Roasted Fall Vegetables Salad with Maple Orange Dressing

Ingredients

  • FOR THE WALNUTS:
  • 1 cup (4 ounces) walnut halves
  • 2 tablespoons real maple syrup
  • Pinch salt
  • FOR THE SALAD:
  • 2 cups butternut squash peeled and chopped into ½” cubes
  • 2 cups red beets chopped into ½” cubes
  • 1 cup chopped parsnips into ½” cubes
  • 20 ounces spring green mix or greens of choice
  • 4-6 oz. fresh goat cheese
  • FOR THE MAPLE ORANGE  DRESSING:
  • 2 teaspoons orange zest
  • 2/3 cup fresh orange juice
  • 2 tablespoons balsamic vinegar
  • 2 tablespoons pure maple syrup
  • 6 tablespoons olive oil
  • 1/4 teaspoon salt

Steps

  1. FOR THE WALNUTS:
  • Preheat the oven to 375 degrees.

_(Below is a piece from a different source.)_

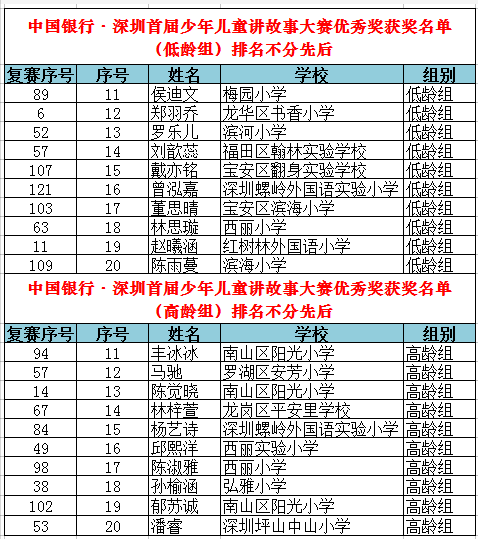 中國(guó)銀行·誰是故事大王“優(yōu)秀獎(jiǎng)”獲得者

Lightly oil or line 2 baking sheets with parchment paper. In a small bowl, combine the walnuts and maple syrup and toss gently to combine. Spread the walnuts in a single layer on one of the prepared baking sheets. Roast in the preheated oven, stirring once until the syrup is bubbling vigorously, about 5 minutes. Immediately scrape the glazed walnuts onto the other prepared baking sheet, spreading them in a single layer. Sprinkle with a pinch of salt and set aside to cool.
  1. FOR THE SALAD:
  • Preheat the oven to 400 degrees F.
  • Peel the butternut squash and dice it into ½” cubes (you can also find this pre-cubed in most stores)
  • Lay the butternut squash on a baking sheet and drizzle enough olive oil over the pieces to coat them well.
  • Sprinkle the butternut squash with salt.
  • Peel the parsnips and dice it into ½” cubes
  • Lay the parsnips on a baking sheet and drizzle enough olive oil over the pieces to coat them well.
  • Sprinkle the parsnips with salt.
  • Peel and chop the beets and lay the pieces on a large piece of foil. Fold the foil, completely covering the beets, creating a foil packet. Place this packet on the baking sheet next to the butternut squash and parsnips.
  • Place the baking sheet in the oven and roast the vegetables for 50 minutes, or until the butternut squash and parsnips are browned and crispy. Remove from the oven and allow the vegetables to cool.
  1. FOR THE DRESSING:
  • In a small bowl, whisk together the ingredients for the dressing.
  • Set aside until serving
  1. ASSEMBLY:
  • In a large serving bowl, add all of the salad ingredients (including the roasted vegetables). Toss in the desired amount of Maple-Orange Dressing, sprinkle with crumbled goat cheese and walnuts and serve!